Sorry it was late when I took the pics tonight, and the lighting isn't the best in my cramped garage, so I didn't have room to back up and get the whole thing in one shot... so, here's a couple from the left and right:



















Here is a shot of the back side of the hold down clamp showing the springs, which make it pretty easy to get stock in and out of the holder carriage:










The following are my first cuts, the first one is on the waste end of a bubinga spice rack I'll be working on soon (needed some prepped stock to test with ):










The next is simply 1/8" thick yellowheart ripped straight from the saw for 1/16" fingers:










If anyone out there has used one these type jigs before and could offer any tips on tweaking the finger-tightness... that would really be appreciated. I really don't want to sound like I'm bragging, but was amazed at how easy it is to control feeding the stock into the bit. No jumping, or grabbing (something I've experienced alot with other jigs in the past), just nice n easy pressure from the thumb or wrist. Very little pressure at that. I'm pretty happy with how it works so far... hope someone will find this helpful to their box jointing endeavors.


----------



## bobj3 (Jan 17, 2006)

You can do it all with one router bit 
You can also stack up slot cutters ( 1/16",5/64" or 3/32") to do the same thing just smaller slots..

3 Wing Slot Cutter Router Bits
http://www.mlcswoodworking.com/shopsite_sc/store/html/smarthtml/pages/bt_slot.html

2pc 1/2"SH Adjustabal Box & Finger Joint Router Bit Set - eBay (item 140355058117 end time Nov-01-09 09:31:29 PST)
http://cgi.ebay.com/1-PC-1-2-Shank-...ViewItemQQptZRouters_Bits?hash=item20ade0e99e


----------



## Bob N (Oct 12, 2004)

Hi Bob,

That sure is one elaborate and complex looking jig. You did a beautiful job on the construction.


----------



## allthunbs (Jun 22, 2008)

Scroth, that's prettier than a Shelby Cobra Mustang. Boy, you do jigs fancier than Bob3j.
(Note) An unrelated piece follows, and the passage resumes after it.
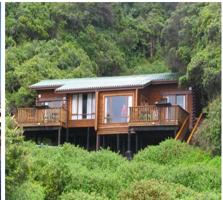
Unterkunft im Tsitsikamma NP

To heck with the jig, the joints are beautiful and you didn't need any of those quick fix stacked bit thingmies. I'm admiring those 1/16" fingers. The best I can do is 1/4". Hmmm, ok, I've got to get to work to match this one but you've given me some good ideas. I'll be back!


----------



## dutchman 46 (May 23, 2007)

I am impressed, that's one nice fancy tool! It looks like you will have a good life building jigs, and the like. Would mind putting yout location and your name in your profile, Old fella's like me need a lot of help keeping up, Thanks, We need all the information we can get


----------



## anotherBob (Oct 28, 2009)

Thanks for the links bobj3, but what if you don't want/need the finger spacing/size to be uniform like:










Maybe a poor visual for now... but you get the idea, sometimes you might want to visually add tension or non-proportioness (if that's a word... ), or simply stagger the spacing. What if your stock width is wider that the bit allows? Anyway, that's why I went to the trouble (maybe too much trouble, but hey, I'm only a hobbyist...) of making this jig.

That kind of bit would reeealy help in seamlessly/strongly adding length to a board though, or would be great for production runs, that kind of thing.


----------



## anotherBob (Oct 28, 2009)

So _*you*_ are the original Bob... 

Thanks for the kind words Bob, it probably is more complex than it needs to be... but for me, that's half the fun, or the way I seem to do things... complicate, then simplify. Hopefully I'll reverse the process if wisdom ever finds a home in my head...


----------



## anotherBob (Oct 28, 2009)

Thanks for the kind words allthunbs and dutchman 46, appreciated...

Well I hope my details are a little better now dutchman 46... sorry for the inconvenience.


----------



## bobj3 (Jan 17, 2006)

Hi Bob

" but what if you don't want/need the finger spacing/size to be uniform like"

Duck soup, just slip in some washers to setup the spacing  or slip in a wider cutter..
i.e. 4ea. 1/16" and then one or 2ea. 3/16" slot cutters..

============



anotherBob said:


> Thanks for the links bobj3, but what if you don't want/need the finger spacing/size to be uniform like:
> 
> 
> 
> ...


----------



## Bob N (Oct 12, 2004)

Don't know how orginal I am, but I grabbed it when it was made available 




anotherBob said:


> So _*you*_ are the original Bob...
> 
> Thanks for the kind words Bob, it probably is more complex than it needs to be... but for me, that's half the fun, or the way I seem to do things... complicate, then simplify. Hopefully I'll reverse the process if wisdom ever finds a home in my head...


----------



## anotherBob (Oct 28, 2009)

bobj3 said:


> Hi Bob
> 
> " but what if you don't want/need the finger spacing/size to be uniform like"
> 
> ...


me thinks you are trying to convince me to part with my coin... 

What if your stock is like 10-12" wide... I'd have to have a ~6" shank that holds that rascal sticking out of the table top, then, flip it over for another frightening pass. Yikes, I don't play that close to lawn mowers! (all in jest here...)


----------



## bobj3 (Jan 17, 2006)

Hi Bob

" part with my coin " nope 

When I get into the stock that's 3" or wider I move up to the OP box jigs 
Oak Park Enterprises Ltd.: Catalogue

OR
the Incra jig,it was only 50.oo bucks 


=========



anotherBob said:


> me thinks you are trying to convince me to part with my coin...
> 
> What if your stock is like 10-12" wide... I'd have to have a ~6" shank that holds that rascal sticking out of the table top, then, flip it over for another frightening pass. Yikes, I don't play that close to lawn mowers! (all in jest here...)


----------